Храп Фимы, друга моего дяди, перелетает через дорогу. Он легко проникает в наши раскрытые двери, густеет в узком проеме, и затем уже эхом захлебывающегося дыхания вылетает обратно на улицу.

Я нахожусь в полусне и поэтому не вижу, как исчезает со ступенек моя сестра. А она бежит в милицию, что находится поблизости. И вот она возвращается с выпускником школы милиции. Это задание — его дипломная работа. Он волнуется — не завалить бы.

— Держи освещение. — Протягивает он моей сестре фонарик дрожащей рукой. — Ты внезапно заходишь вперед меня и светишь во все стороны. Я следую за тобой с пистолетом в руке. Идея понятна?

— Понятна. — Кивает моя сестра.

Пробуждаясь, я жмурюсь от яркого света и слышу испуганный голос:

— Руки вгору!

Горы у нас в квартире нет. Но я понимаю, что от меня хочет этот парень, который так и не решился войти в комнату, и поднимаю руки.

— Зина! — звенит на следующее утра знакомый голос.

— Что, мадам Гойхман? — поднимает мама глаза в потолок.

— Вашу Эллу вчера привел милиционер под пистолетом?

— Боже сохрани. Эта моя Элла вчера привела милиционера под фонариком.

— А что, у вас были воры?

— Цыпун вам на язык, мадам Гойхман. Ей сдавалось, шо нас зарезали.

Двери нашей квартиры похожи на морскую раковину. Приложи ее к уху, и ты услышишь, как шумит море или шипят примуса. А когда они смолкают, оживают голоса всей улицы. И какие только голоса не гостили в нашей квартире с удобствами во всех соседних домах. Два года в ней звучала немецкая речь, когда возвращались с работы пленные немцы в хибарки, пристроенные к стенам развалки довоенного Дома Красной Армии. Господи, сколько всего было напротив! И все это говорило, пело, смеялось, плакало. Уехала в Германию немецкая речь. Осталась русская, еврейская и украинская. Часто вперемешку.

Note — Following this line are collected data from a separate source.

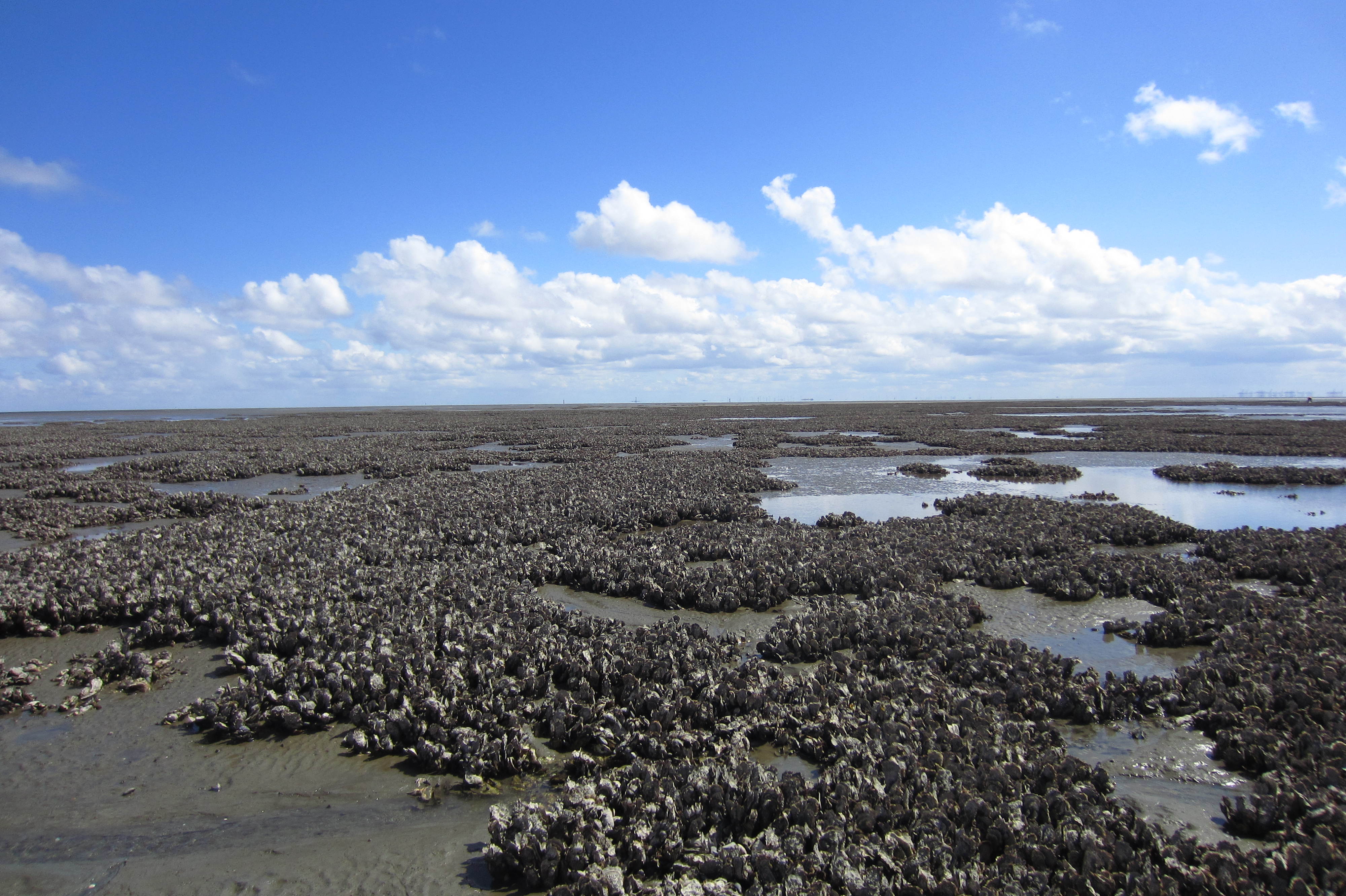 Forscher von Senckenberg am Meer haben gemeinsam mit Wissenschaftler*innen der Universitäten Braunschweig und Hannover die Wachstumsraten von Riffen der Pazifischen Auster und deren Eignung als natürliche Wellenbrecher untersucht. Die nicht-heimische Muschelart hat die bisherigen Miesmuschelbänke in der Nordsee fast vollständig durch Riffe ersetzt, die zum Küstenschutz beitragen könnten. Die Studie zeigt, dass die Austernriffe mit einem mittleren Wachstum von bis zu 19,8 Millimetern pro Jahr dem Meeresspiegelanstieg entgegenstehen könnten. Das Wachstum der Riffe hängt dabei stark von Witterungsbedingungen und dem zahlenmäßigen Auftreten der Austern ab.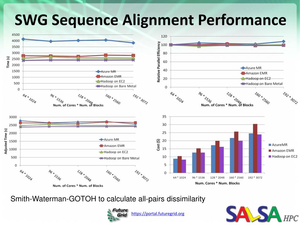 MapReduceRoles4Azure • Use distributed, highly scalable and highly available cloud services as the building blocks. • Azure Queues for task scheduling. • Azure Blob storage for input, output and intermediate data storage. • Azure Tables for meta-data storage and monitoring • Utilize eventually-consistent , high-latency cloud services effectively to deliver performance comparable to traditional MapReduce runtimes. • Minimal management and maintenance overhead • Supports dynamically scaling up and down of the compute resources. • MapReduce fault tolerance • http://salsahpc.indiana.edu/mapreduceroles4azure/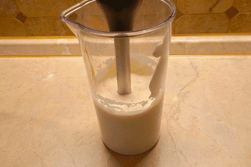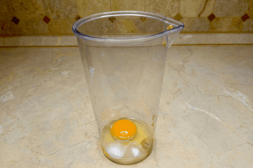 Place the blender in the cup so that the egg is completely under the blender's foot.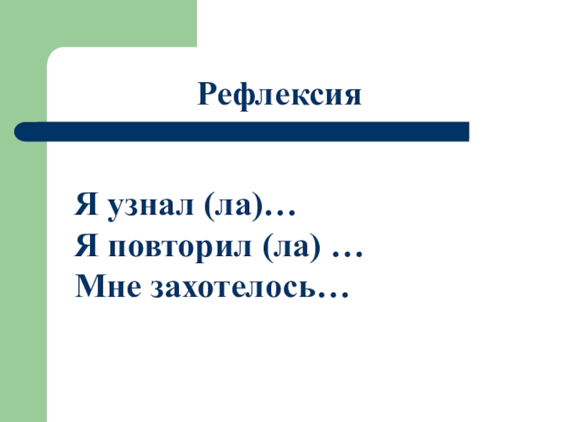 РефлексияЯ узнал (ла)…Я повторил (ла) …Мне захотелось…
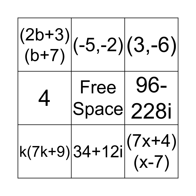 This bingo card has a free space and 8 words: 96-228i, (3,-6), (-5,-2), k(7k+9), (2b+3)(b+7), (7x+4)(x-7), 4 and 34+12i.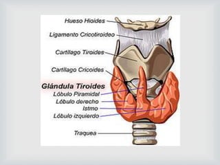 Este documento resume diferentes aspectos de la glándula tiroides, incluyendo su anatomía, funciones, tipos de hipertiroidismo e hipotiroidismo, tratamientos, tiroiditis y nodulos tiroideos. Describe las características generales de la tiroides, sus acciones biológicas, las causas y clasificaciones del hipertiroidismo y hipotiroidismo, así como sus tratamientos. También explica los tipos de tiroiditis agudas y crónicas, y los factores de riesgo, diagnóstico y pronóst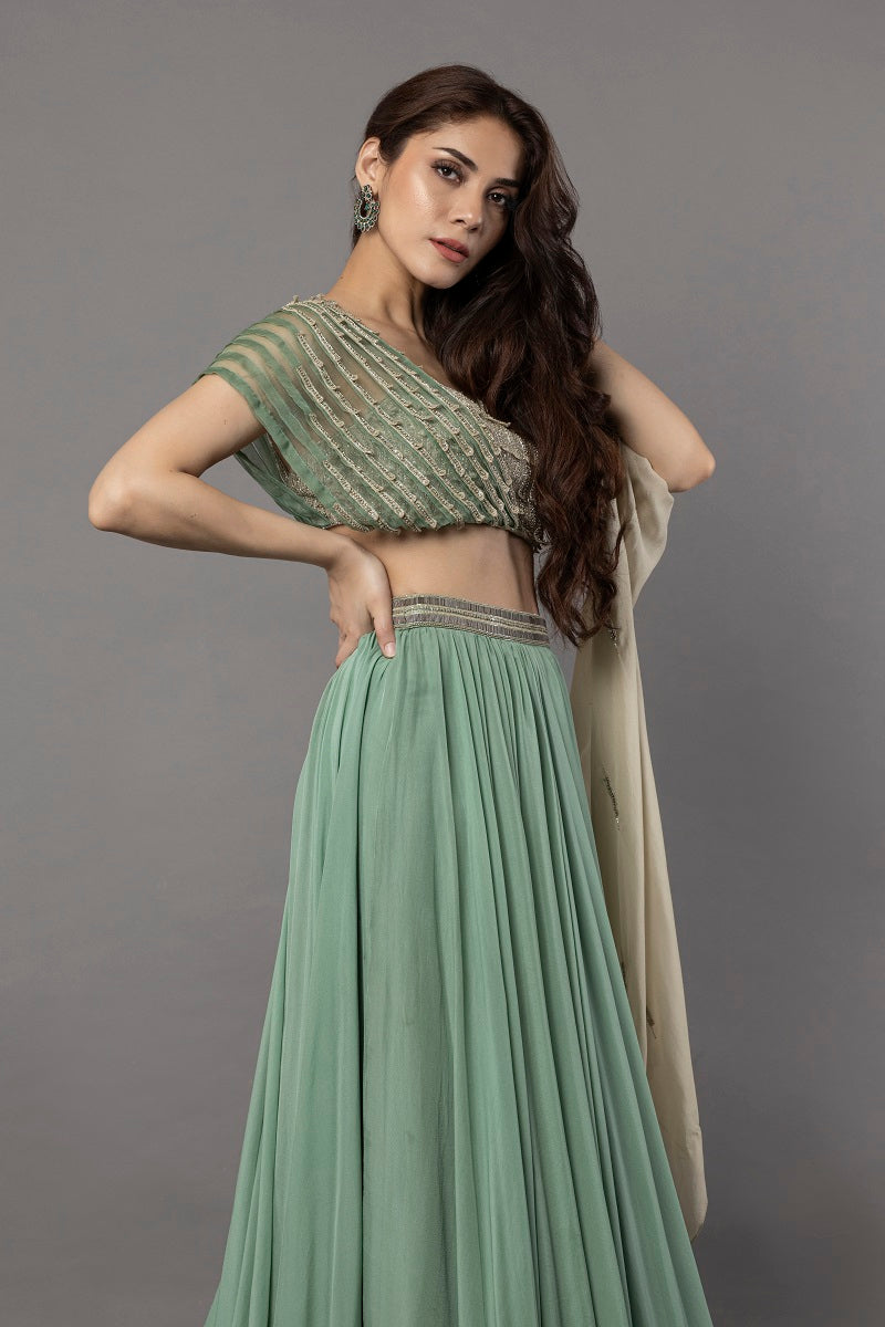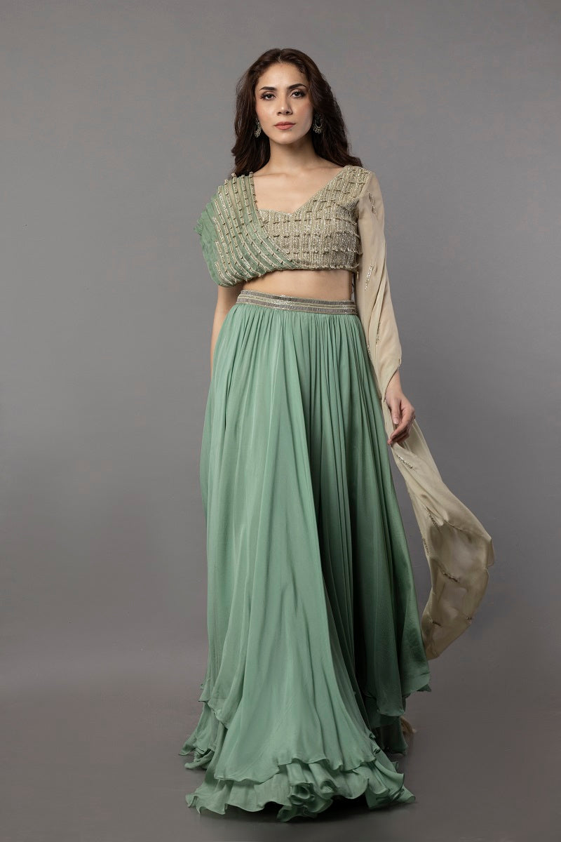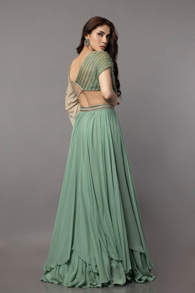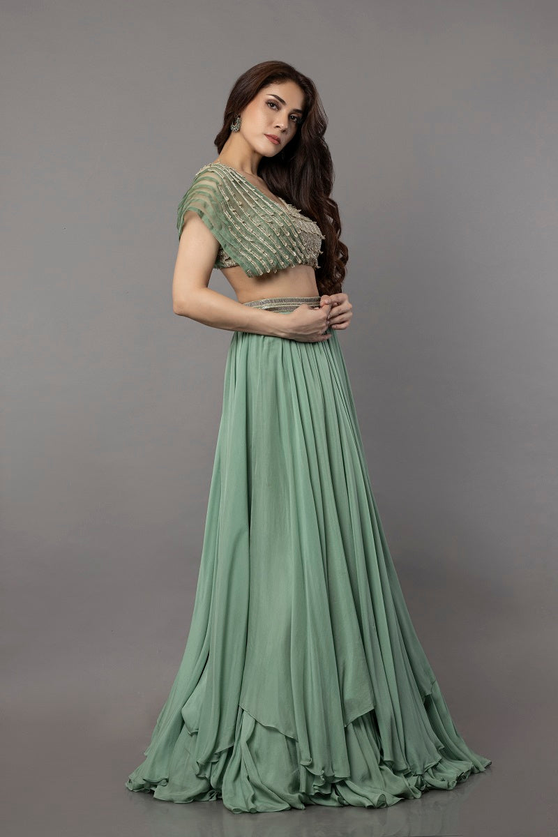 Aria aqua marine pistachio organza pleated cape style bodice embellished with fine hand embroidered patch with one side flat chiffon long slit embroidered sleeve, paired with flat chiffon fine gathered unevenly layered skirt embellished with a beaded belt.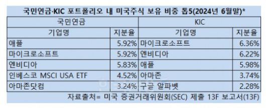 반면, 엔비디아, 마이크로소프트(MS), 애플, 알파벳(구글), 아마존, 메타, 테슬라 등 빅테크주로 구성된 이른바 '매그니피센트7(M7)'에 대해서는 투자 방향이 달랐다. 국민연금의 경우 주도주 비중을 좀 더 늘렸고, 반면 KIC는 차익실현 양상이 나타났다.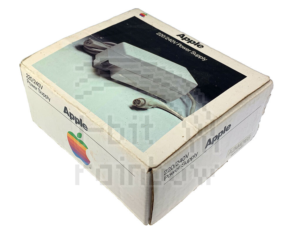New, retail boxed, original Apple 220/240V external power supply for the Apple IIc including UK mains cable. This is not suitable for the Apple IIc plus.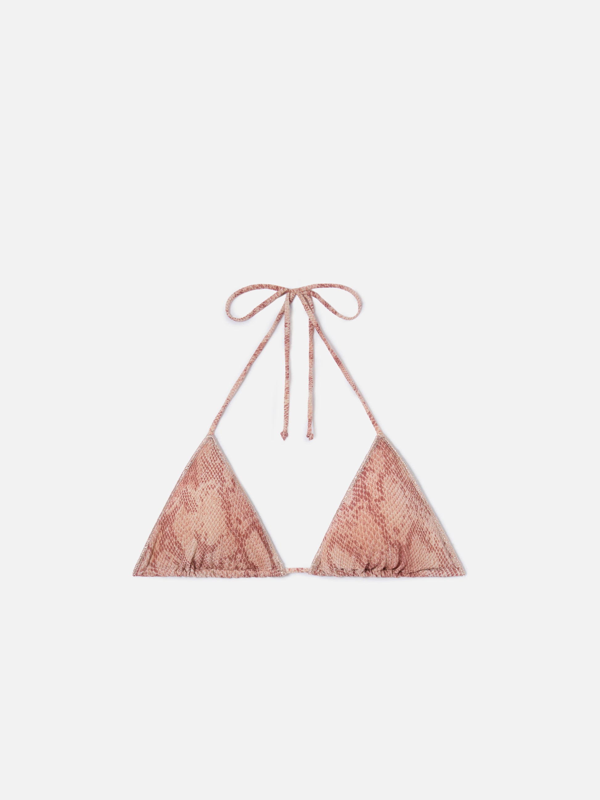 Top bikini Leah Overlock triangolo in lurex con stampa pitonata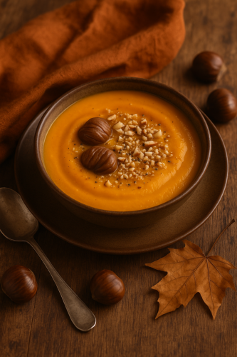 Velouté de potimarron aux châtaignes et éclats de noisettes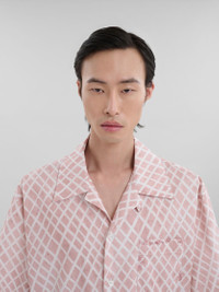 PINK POPLIN BOWLING SHIRT WITH LANDSCAPES PRINT

— Азохенвей — и танки наши швыдки! — говорил Лева, прочитав очередную статью в газете «Правда».

— Тухес на плечах трэба иметь. — Поучал кого-то из жильцов дворник.

Разве все припомнишь, что запомнили эти стены.

Потом появилась молдавская речь. Мимо нашего дома катился бесконечный поток печальных людей.

— В Бессарабии голод. — Сказала моя мама.

И всю жизнь я помню, что голод — это не луковица на рот. И не двести граммов хлеба в сутки на душу, который мы получали за погибшего на фронте отца. А тонкая, рвущаяся ниточка людей, тянущаяся из Молдавии в Крым. Это смуглые босые ноги, стершиеся до крови, шаркающие по земле под закатанными штанами и длинными, когда-то разноцветными, юбками. Это запавшие глаза, горящие под полями выцветших фетровых шляп. Это костлявые пальцы рук, протянутые к каждой двери, к каждому окну.

— Пыне! Пыне! — просили они, называя любое подаяние хлебом.

Всю жизнь я горжусь тем, что мама отдала им наш суточный паек Хлеба. Что-то спустила им со второго этажа в бидончике мадам Гойхман. Что-то принес дворник.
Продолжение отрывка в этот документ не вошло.